Darcy Silveira dos Santos (born 24 May 1934), known as Canário, is a Brazilian retired footballer who played as a forward.

During nine seasons, he amassed La Liga totals of 175 matches and 45 goals, most notably while with Real Madrid and Zaragoza. He won eight major titles with the two clubs combined.

Club career
Born in Rio de Janeiro, Canário played for Olaria Atlético Clube and America Football Club in his country. In 1959, he moved to Spain where he would remain until his retirement, starting with Real Madrid and being used mainly as a backup during his three-year spell. He appeared in five games and scored one goal for the club in the European Cup, three of those matches being in the 1959–60 edition which ended in victory.

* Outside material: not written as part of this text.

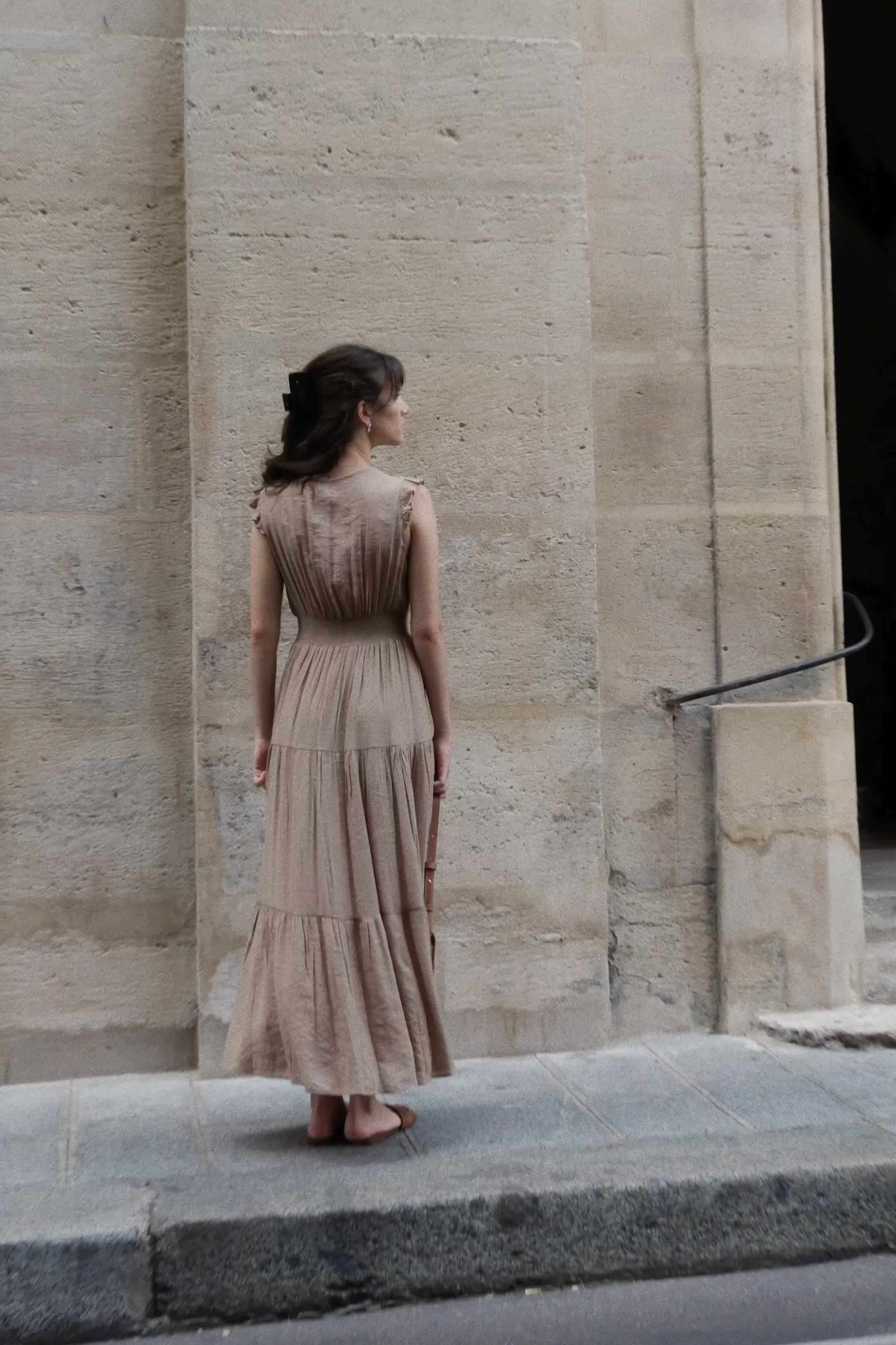- Robe longue sans manches avec volants aux épaules

After spending the 1962–63 season with Sevilla FC Canário switched to Real Zaragoza, going on to be part of an attacking frontline that was dubbed Los Magníficos (The Magnificent) and also included Carlos Lapetra, Marcelino, Eleuterio Santos and Juan Manuel Villa – he acted as right half in the team's formation. He reached four Copa del Rey finals with the Aragonese during his stint, winning the tournament twice.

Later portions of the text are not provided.